With the Millennium Development Goals coming to the end of their time in 2015, it has been proposed that they be replaced with new targets revolving around sustainable development.

“In our meeting, we discussed first what kind of science, what kind of technology would improve human wellbeing,” Prof Zakri says.

“The science that we are addressing has to be relevant to these global challenges. So, it needs the buy-in of the policymakers; hence, whatever advice we scientists recommend to Ban Ki-moon would have to be policy-relevant.”

He adds that the board also agreed that whatever advice it gives should be in line with the policies and decisions already made at the international level.

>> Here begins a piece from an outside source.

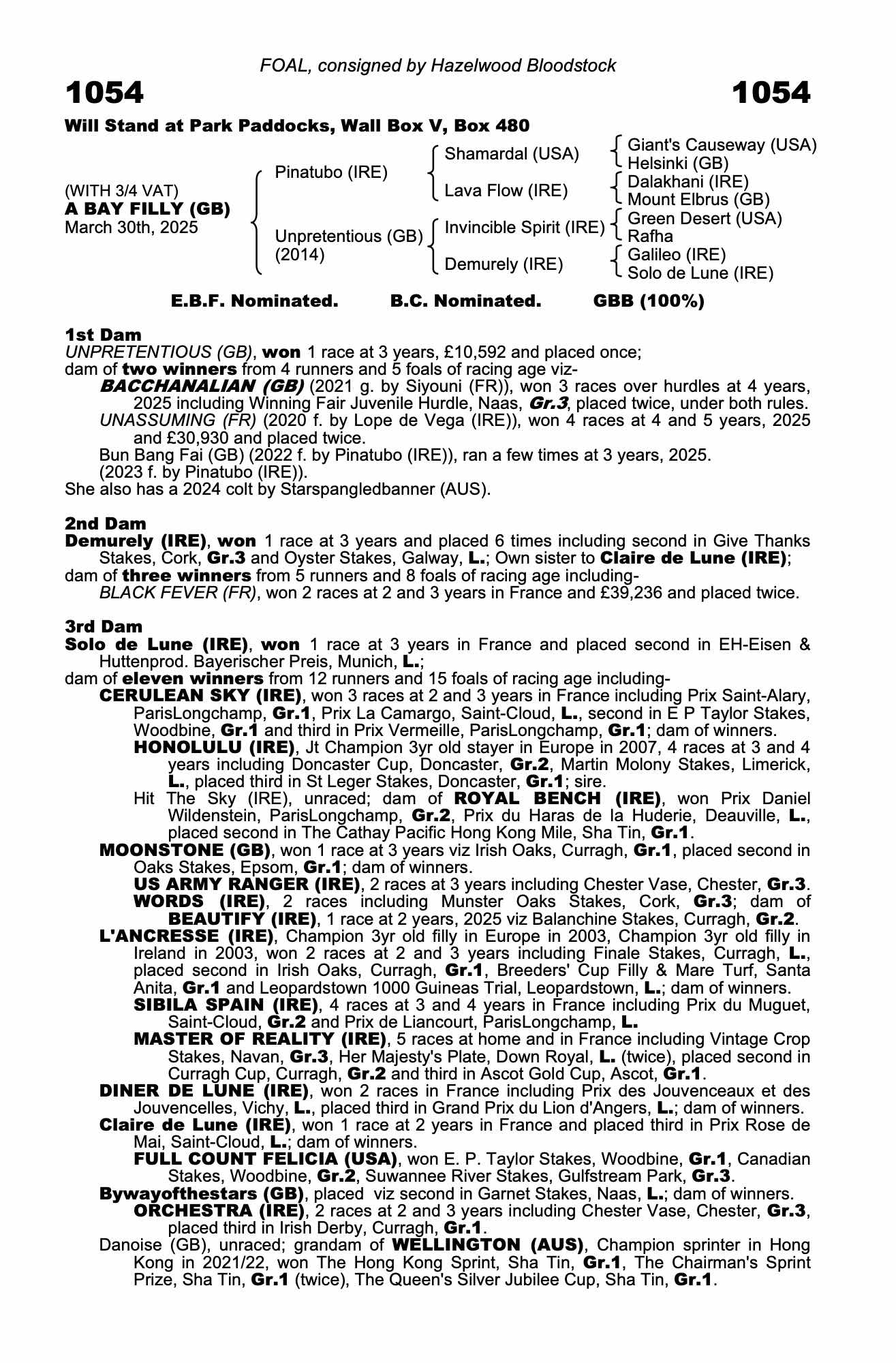Consignor: Hazelwood Bloodstock

One of the practical matters decided upon during the meeting was the formation of smaller task forces to deal with the different areas of science needed to assist global development, as well as the type of approaches needed.

Prof Zakri notes that science has already accumulated a lot of knowledge, but that knowledge needs to be applied to solve practical problems, and made acceptable to different countries in different stages of development.

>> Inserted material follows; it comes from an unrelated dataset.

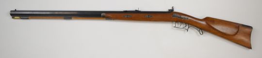 Pedersoli .45 percussion hammer action rifle with adjustable sights, spurred trigger guard, set trigger, storage compartment to the stock, brass tipped wooden ram-rod and 32 inch rifled octagonal barrel, overall length 123cm, serial number 63371. PLEASE NOTE THAT A VALID RELEVANT FIREARMS/SHOTGUN CERTIFICATE IS REQUIRED TO HANDLE/PURCHASE THIS ITEM.
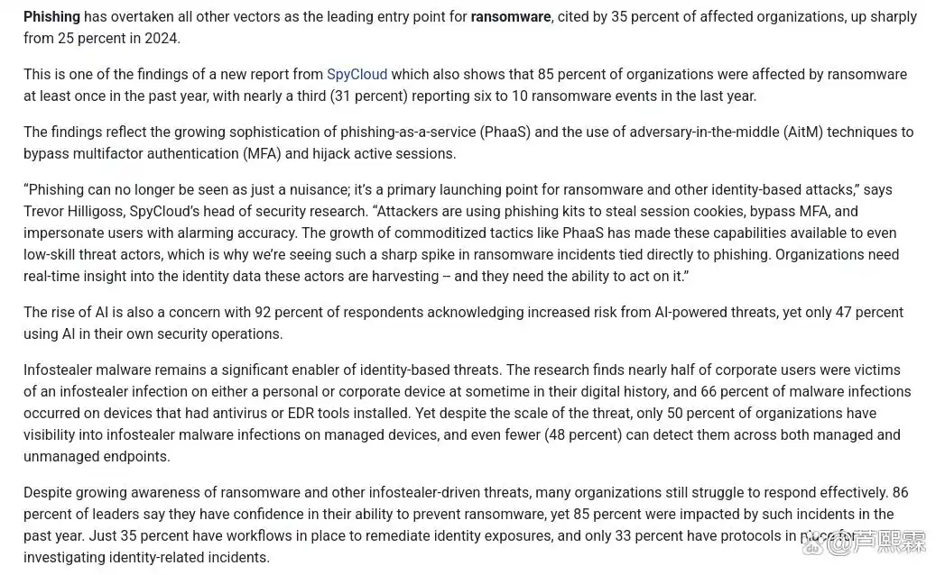 关键词:网络钓鱼;勒索软件;PhaaS;AitM;多因素认证绕过;会话劫持;FIDO2;身份安全

He adds that the board is also interested in examining the applications of indigenous or local knowledge.

“The (application of) conventional science is to be expected, but there is also a notion of the relevance of (such) knowledge.

“These are practical actions that have been tested by numerous indigenous or local communities around the world,” he says, citing the example of the fire-fighting techniques of Australian aborigines.

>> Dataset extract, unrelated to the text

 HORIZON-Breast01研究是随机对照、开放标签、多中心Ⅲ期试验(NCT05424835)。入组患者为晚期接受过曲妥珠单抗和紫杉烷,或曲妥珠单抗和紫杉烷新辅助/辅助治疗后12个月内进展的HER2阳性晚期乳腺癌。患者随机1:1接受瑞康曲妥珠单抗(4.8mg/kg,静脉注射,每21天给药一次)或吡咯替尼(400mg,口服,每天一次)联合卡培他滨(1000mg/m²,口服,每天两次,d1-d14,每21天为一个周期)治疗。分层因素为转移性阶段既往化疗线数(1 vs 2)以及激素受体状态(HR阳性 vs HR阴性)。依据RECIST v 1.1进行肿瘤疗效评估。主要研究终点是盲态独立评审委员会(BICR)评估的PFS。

The idea, he adds, is to see if this practical localised knowledge can be applied in other parts of the world.

Proving its worth

More importantly, Prof Zakri believes that the board needs to prove its relevance as quickly as possible.

“I firmly believe we need to have early wins, to demonstrate the usefulness of such a panel.

“And to demonstrate that early win, you would have to produce best practices or examples on the ground – that is the challenge that we are still looking at,” he says.

Prof Zakri will have the opportunity to push for this goal at the board’s next meeting in July, as he will be co-chair.

“Most of the sessions at the (first) meeting were chaired by the director-general of Unesco, Irina Bokova, but I was pleased to be requested by her to co-chair the next meeting of the board this year.”

As for his own take on this inaugural meeting, Prof Zakri says: “These are senior people, wise people. And all the voices expressed are really sensible.

“For me, personally, it has been an inspiring meeting, to be with this group. There were a lot of attempts to understand one another’s views and to come to a consensus.

“But we also had a very able chair. It is no coincidence that the Unesco director-general was chairing our meeting.”

The ultimate purpose of the board, he says, is to look for knowledge that has practical use.

“I think at the end of the day, that is the value of such an eminent board – to access, to collect, to collate, to synthesise that scientific knowledge that can be translated into very useful practical recommendations, which can applied on the ground in (the) respective countries of the world.

“That would ... (give us) our legitimacy.”